Frisches Geld mit Anleihen als Sicherheit

Demnach soll der ESM Länder wie Spanien und Italien in Zukunft unterstützen, indem er in großem Stil Anleihen dieser Staaten kauft. Der ESM dürfte die gekauften Anleihen bei der EZB als Sicherheiten hinterlegen, im Gegenzug erhielte er frisches Geld, das er erneut zur Unterstützung wankender Euro-Staaten einsetzen könnte.

Ähnliche Überlegungen sind spätestens seit Dezember bekannt. Es sei aber „niemals konkret darüber geredet“ worden, zitiert die „SZ“ einen hohen EU-Diplomaten. Vor allem aus Deutschland war dazu bisher immer ein klares Nein gekommen, da die Pläne die Inflation anheizen und die Unabhängigkeit der EZB gefährden könnten. Angesichts der Erfahrungen der vergangenen zwei Jahre, in denen ständig aufs Neue an der Ausstattung der Fonds gezweifelt worden sei, hätten Experten und Politiker jetzt aber beschlossen zu prüfen, ob und unter welchen Bedingungen „der Fonds einen direkten Zugriff auf die Europäische Zentralbank erhalten sollte“.

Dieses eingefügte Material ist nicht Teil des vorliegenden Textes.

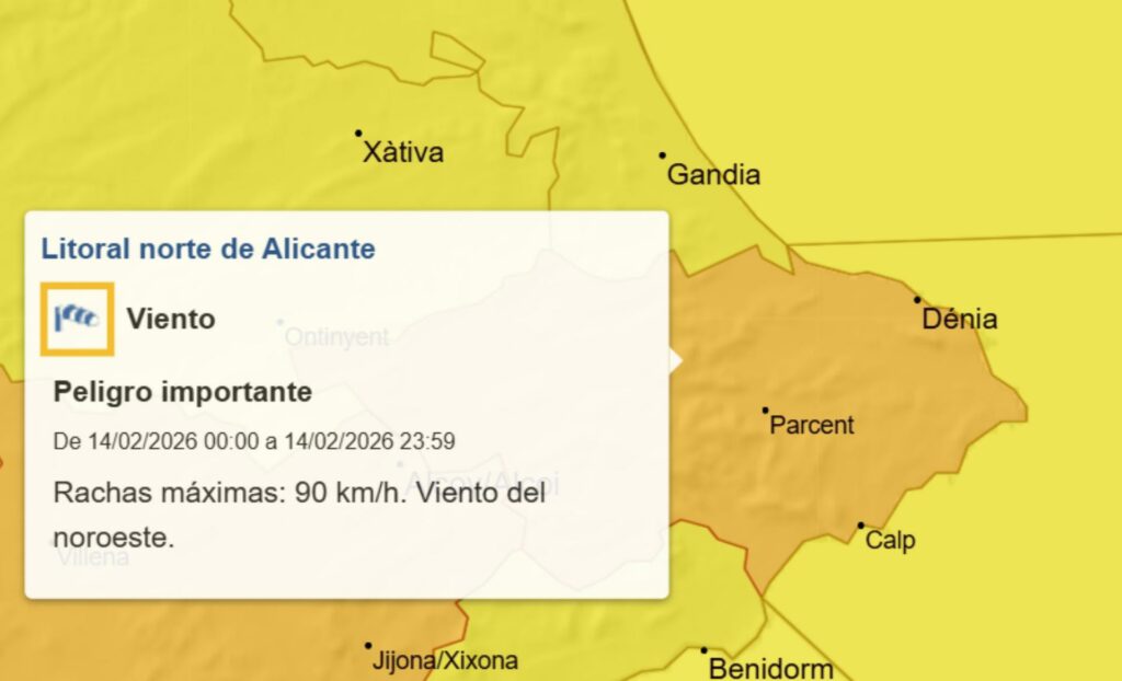La situación se complica de cara al sábado, cuando la AEMET eleva el aviso a nivel naranja por viento en el litoral norte de Alicante. El episodio permanecerá activo desde la medianoche hasta las 23:59 horas, con rachas que podrían alcanzar los 90 km/h y un viento predominante del noroeste.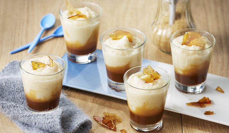 ③• Enlevez la gousse de vanille. Dans 4 ramequins en verre, versez 2 cuillères à soupe de caramel liquide et ajoutez la Floraline.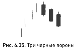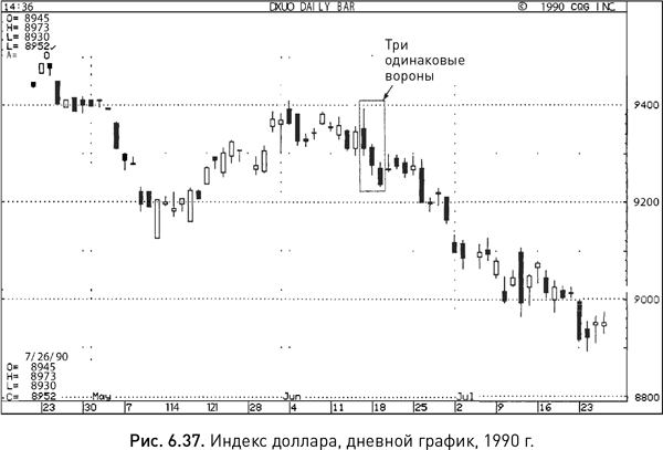 Другой пример трех черных ворон представлен на рисунке 6.37. Обратите внимание, что у второй и третьей черных свечей цены открытия почти совпадают с ценами закрытия предыдущих сессий. Такая модель называется три одинаковые вороны (identical three crows), она считается еще более сильным медвежьим сигналом, но встречается крайне редко.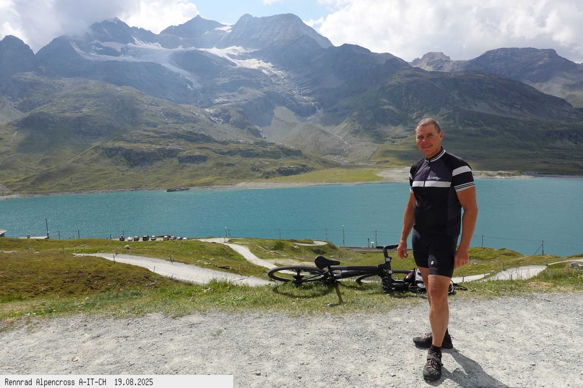 eine halbe Stunde beim Ospizio Bernina mit Blick auf den Lago Bianco und in die Gletscher Welt die Aussicht genossen.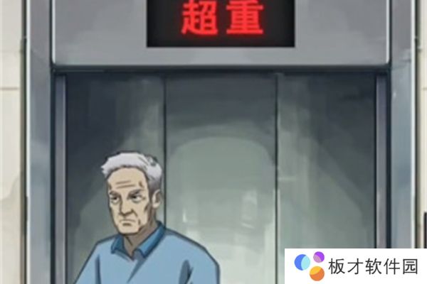 3、碰到下一班电梯,里面是一个老人,电梯显示超重不要上。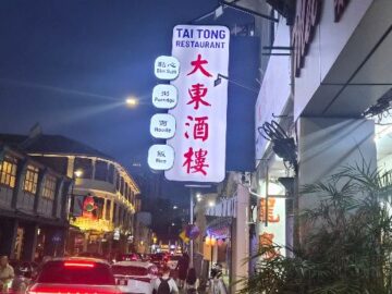 밤이 찾아온 페낭 거리, ‘Tai Tong Restaurant’의 간판이 환하게 빛나며 방문객들을 맞이합니다. 저녁 장사를 시작하며 활기를 띠는…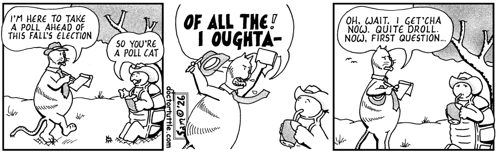 Posted on April 19, 2026April 4, 2026Author samwhi371Categories Politics, TuttleTags #comic, #DoctorTuttle, #humor, #polecat, #politics, #poll, #Tuttle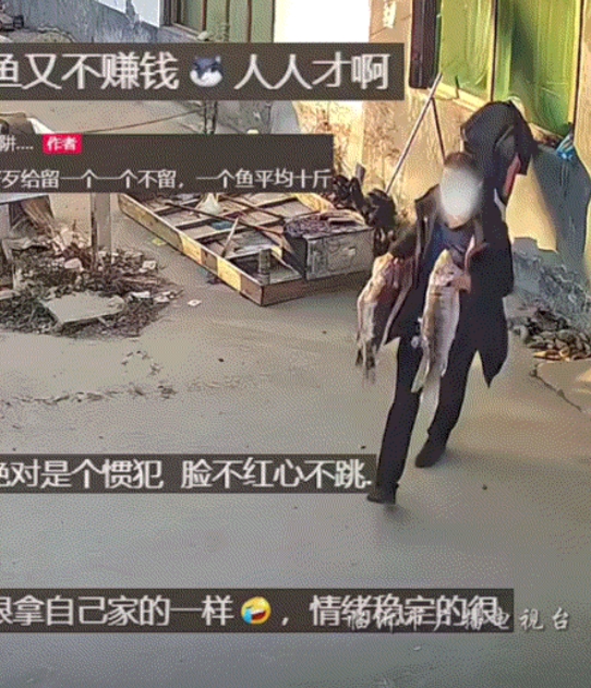 丢人丢大了!一开大奔的男子路过一户人家时,发现这户人家家门口晒了几条大鱼,随即男子竟脸不红心不跳的将这几条大鱼全部顺走了。但这一幕正好被这户人家的监控给拍了下来,而主家一气之下,更是直接将视频曝光到了网上。 监控视频显示,男子穿着得体,期间他很淡定的走到别人家门口,直接拿走了挂在门前的两条大鱼。但走了几步后,男子又转身拿走了剩下的两条大鱼。整个过程,男子都显得非常从容淡定,不知道的还以为这是他家。 事后,主人家发现鱼不在了,查看监控才看到这一幕。而让他更生气的是,这名男子还是一个开着大奔的主。主人家一气之下公布了这段视频,并无奈的表示:好歹给留一个,一个鱼平均十斤啊… 而此事也是引起了网友们的热议。有网友表示:大奔买的起,鱼却买不起,这几条鱼,对不起大奔啊! 还有网友表示:你看这动作,光天化日之下,就像走自家的一样,多从容啊,从这点看绝对是老手。 不得不说,男子这操作实在是太离谱了,话说几条鱼能管几个钱,关键是男子这道德素质也太差了吧。这下丢人丢大了,几条鱼就彻底曝出了他的真实人品,想必以后也不会有生意人再找他合作了吧。 不过正如网友所说,这绝对是个惯犯,偷起东西来脸不红心不跳的。建议主人家将视频证据上交到派出所,对于这种偷窃行为应该严惩不贷,以示警惕!

Alle Augen auf EZB gerichtet

Die Spannung vor der turnusmäßigen Ratssitzung der Notenbank am Donnerstag ist groß, die Märkte warten gespannt auf das Treffen. Banker hatten jedoch laut Informationen der „Welt“ davor bereits die Erwartungen gedämpft, wonach am Donnerstag eine konkrete Entscheidung gefällt werden könnte. EZB-Chef Mario Draghi hatte zuletzt ein entschlosseneres Vorgehen gegen die Krise angedeutet: „Die EZB wird im Rahmen ihres Mandats alles Notwendige tun, um den Euro zu erhalten“, hatte Draghi bei einer Rede in London gesagt. „Und glauben Sie mir: Es wird ausreichen“, legte der EZB-Präsident nach. Die Märkte fassten die Aussage mit Jubel auf und setzten unverzüglich zur Risikorally an.

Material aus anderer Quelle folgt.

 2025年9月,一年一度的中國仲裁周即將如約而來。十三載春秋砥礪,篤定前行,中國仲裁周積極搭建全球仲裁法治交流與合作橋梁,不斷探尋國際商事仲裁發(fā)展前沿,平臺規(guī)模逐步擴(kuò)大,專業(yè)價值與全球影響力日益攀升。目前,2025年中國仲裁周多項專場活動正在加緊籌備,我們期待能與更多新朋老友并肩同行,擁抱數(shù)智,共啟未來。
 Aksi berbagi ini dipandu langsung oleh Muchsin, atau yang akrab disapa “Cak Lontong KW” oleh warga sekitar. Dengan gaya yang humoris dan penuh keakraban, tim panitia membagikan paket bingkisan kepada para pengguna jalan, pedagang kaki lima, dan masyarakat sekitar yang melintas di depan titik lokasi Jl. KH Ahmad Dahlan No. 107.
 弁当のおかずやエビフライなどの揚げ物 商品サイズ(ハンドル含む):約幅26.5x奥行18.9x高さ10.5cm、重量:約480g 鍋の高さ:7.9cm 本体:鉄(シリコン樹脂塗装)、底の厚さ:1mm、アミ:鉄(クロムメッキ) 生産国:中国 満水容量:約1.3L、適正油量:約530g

Stark: Verstoß gegen europäisches Recht

Gegen die nun kolportierten Pläne sprach sich am Dienstag der frühere Chefvolkswirt Jürgen Stark aus: Die Ausstattung des Euro-Rettungsschirms mit einer Banklizenz wäre nach Ansicht von Stark ein klarer Verstoß gegen europäisches Recht. Das würde bedeuten, dass Staaten indirekt über die EZB finanziert würden, sagte Stark am Dienstag im Deutschlandfunk.

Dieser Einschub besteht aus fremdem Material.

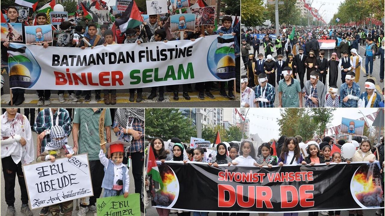 Batman İslami Sivil Toplum Kuruluşları öncülüğünde bir araya gelen binlerce çocuk, siyonist işgal rejiminin Gazze'deki bebek ve çocuk katliamlarını düzenledikleri kitlesel yürüyüşle protesto etti.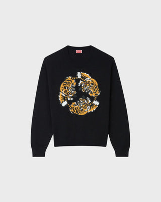 'Kenzo Verdy Market' Genderless Embroidered Jumper in Wool and Cotton - Black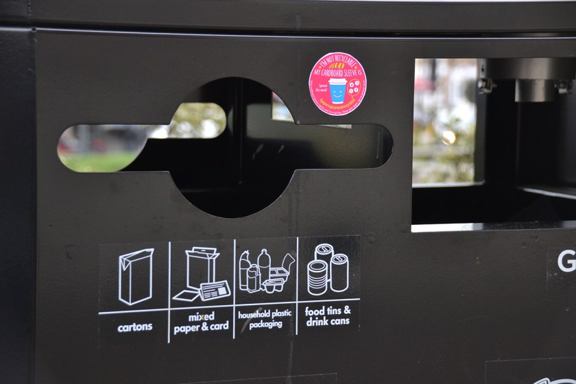 - c) recycle the cardboard sleeves and throw the rest in the general waste (unless there is a specialized bin for paper cups).

„Wir sind bereits in einer sehr extremen Dehnung des europäischen Rechtes, um das mal gelinde zu sagen.“ Europarechtler sprächen bereits von einem kollektiven Rechtsbruch, sagte Stark. Es bedürfe aber eines Klägers. Nach Starks Ansicht wird seit mindestens zwei Jahren gegen europäisches Recht verstoßen.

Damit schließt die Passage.